Droit du sol

Ils sont innombrables, les « kwassa » qui accostent ou tentent d’accoster à Mayotte, regorgeant de passagers clandestins candidats à faire fortune sur ce petit territoire français de l’Océan Indien après avoir tout quitté de leur misère dans les îles voisines. Innombrables, malgré le risque qu’ils courent d’être interceptés par la Police Aux Frontières française et renvoyés tout de suite d’où ils viennent…

Arrivés eux à Mayotte par avion, les métropolitains vivent leur déracinement de différentes manières. Il y a ceux pour qui une promotion professionnelle s’est traduite par une prise de fonction sur cette île ou encore ceux qui viennent y faire de l’humanitaire… Il y a ceux qui y ont trouvé une raison d’y rester et ceux qui ne savent plus trop s’ils ne feraient pas mieux d’en partir…

Portraits de Mayotte, portraits de Français du bout du monde… Portraits de clandestins, aussi…
 

Par sylvestre, le 1 janvier 2001

Notre avis sur Droit du sol

Mayotte s’était distinguée des autres îles de l’archipel africain des Comores lorsqu’il s’était agi de se prononcer pour ou contre l’indépendance de l’archipel vis à vis de la France, puissance coloniale. En effet, elle fut la seule île à vouloir rester sous administration française, ce que la France a "entendu" en la gardant sous sa coupe, forçant son destin historique aux yeux de ses îles sœurs des Comores mais aussi des Nations Unies.

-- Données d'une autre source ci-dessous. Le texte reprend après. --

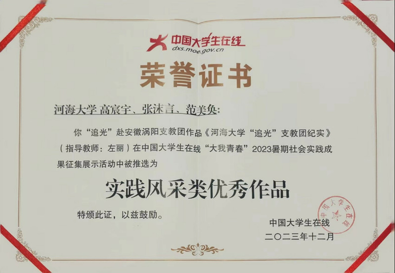 学院“追光”赴安徽涡阳支教团社会实践队作品——《开云电竞网“追光”支教团纪实》获评实践风采类优秀作品。
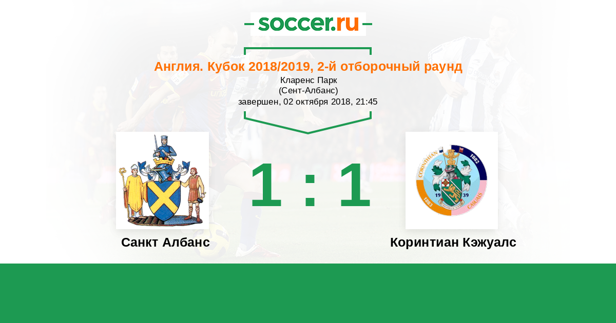 | Санкт Албанс | Коринтиан Кэжуалс | |
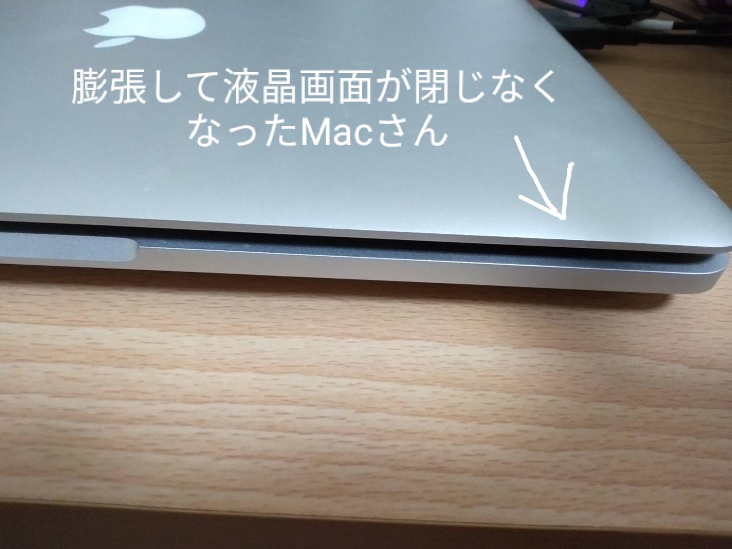 実は私のMac、だいぶ前から「パソコン本体が膨張して、液晶画面が閉じない」状態になっていました。
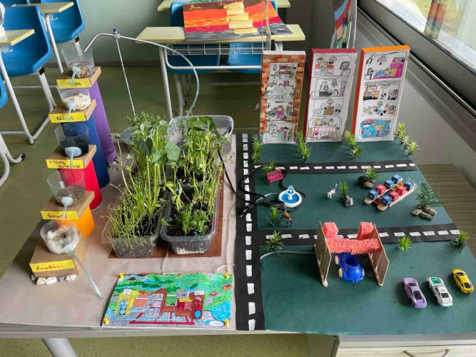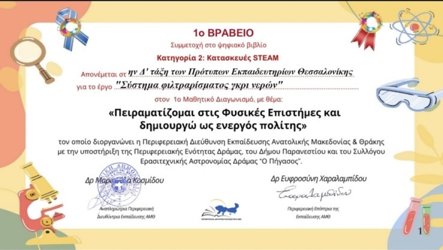 30 Μαΐου 2025Στο πλαίσιο του μαθήματος «Μελέτη Περιβάλλοντος» και των Εργαστηρίων Δεξιοτήτων με θέμα το υπέδαφος οι μαθητές μας της Δ΄ τάξης κατασκεύασαν μια μακέτα που παρουσιάζει ένα σύστημα φιλτραρίσματος και επαναχρησιμοποίησης γκρι νερού, η οποία απέσπασε το πρώτο βραβείο στον 1ο Πανελλήνιο Μαθηματικό Διαγωνισμό «Πειραματίζομαι, Δημιουργώ, Δρω ως ενεργός Πολίτης». Η μακέτα που δημιούργησαν παρουσιάζει ένα σύστημα καθαρισμού και εκ νέου χρήσης γκρι νερού. Αφορμή για την κατασκευή αποτέλεσε η συζήτηση σχετικά με τη σπατάλη νερού και η ανάγκη για βιώσιμες λύσεις διαχείρισης. Η πρόταση των παιδιών μας στοχεύει στην αξιοποίηση του χρησιμοποιημένου νερού από οικιακές δραστηριότητες, το οποίο μέσω κατάλληλου φιλτραρίσματος μπορούμε να εκμεταλλευτούμε για άρδευση καλλιεργειών, πλύσιμο οχημάτων ή για την παροχή νερού σε δημόσιους χώρους, όπως στα πάρκα και τις πλατείες. Με αυτόν τον τρόπο ενισχύεται η περιβαλλοντική συνείδηση και προωθείται η ορθολογική διαχείριση των υδάτινων πόρων.
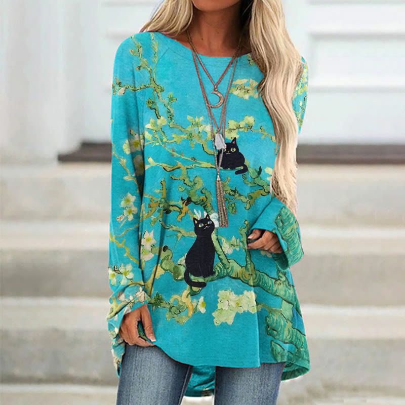 Dashingsoul Van Gogh Almond Blossoms Cat Art Print Casual Tunic

Depuis, Mayotte, française, a été privilégiée en terme de qualité de vie par rapports aux îles voisines des Comores ou encore de Madagascar, ce qui a attiré de nombreux émigrants clandestins de la région sur son sol ; des clandestins qui représentent à Mayotte près d’un quart de la population, des clandestins venant chercher fortune dans ce recoin de la république française où ils gagnent jusqu’à dix fois leur salaire d’ailleurs.

Il y a eu comme une scission entre les Mahorais et les Comoriens. Les premiers peuvent aujourd’hui reprocher aux seconds de n’avoir pas voulu, à l’époque, rester sous le drapeau français. Les seconds n’y sont aujourd’hui pour rien et risquent leur vie sur l’océan pour arriver sur cet eldorado qu’est Mayotte.

Droit du sol est paru quelques jours avant le 29 mars 2009, date à laquelle les habitants de Mayotte ont dû voter pour la départementalisation de leur île.

Son auteur, Charles Masson, est ORL de profession. On lui doit déjà deux titres dans cette collection Ecritures des éditions Casterman. Habitant à la Réunion, il est assurément quelqu’un dont le regard sur ce théâtre Mahorais est plus juste que celui de n’importe qui d’autre.

Il réussit avec ce titre à nous dresser un portrait de Mayotte en nous la montrant au travers les yeux de personnes y ayant vécu ou séjourné. Cette formule lui permet d’avoir une narration plurielle, empruntée à celui qui découvre la vie là-bas autant qu’à celui qui en sait trop. Le résultat est ainsi d’une richesse qui pourrait éventuellement se mesurer aussi au nombre de pages sur lesquelles il s’est étendu pour nous parler généreusement de Mayotte.

Charles Masson n’apporte pas de solution, ni ne juge personne. Il donne la parole à des gens qui n’ont pas tous le même point de vue, la même expérience. Il en profite aussi pour dévoiler le fond de sa pensée sur l’attitude et les méthodes des pions du gouvernement Sarkozy qui très tôt dans son mandat a braqué les lumières de l’actualité sur Mayotte et sur la Guyane qui étaient, en miniature, "des France envahies par ces étrangers qu’on doit refouler".

En noir et blanc et avec un style direct autant dans les mots que dans les traits, Droit du sol est un instantané original et très intéressant sur la condition d’une île et de ceux qui la font.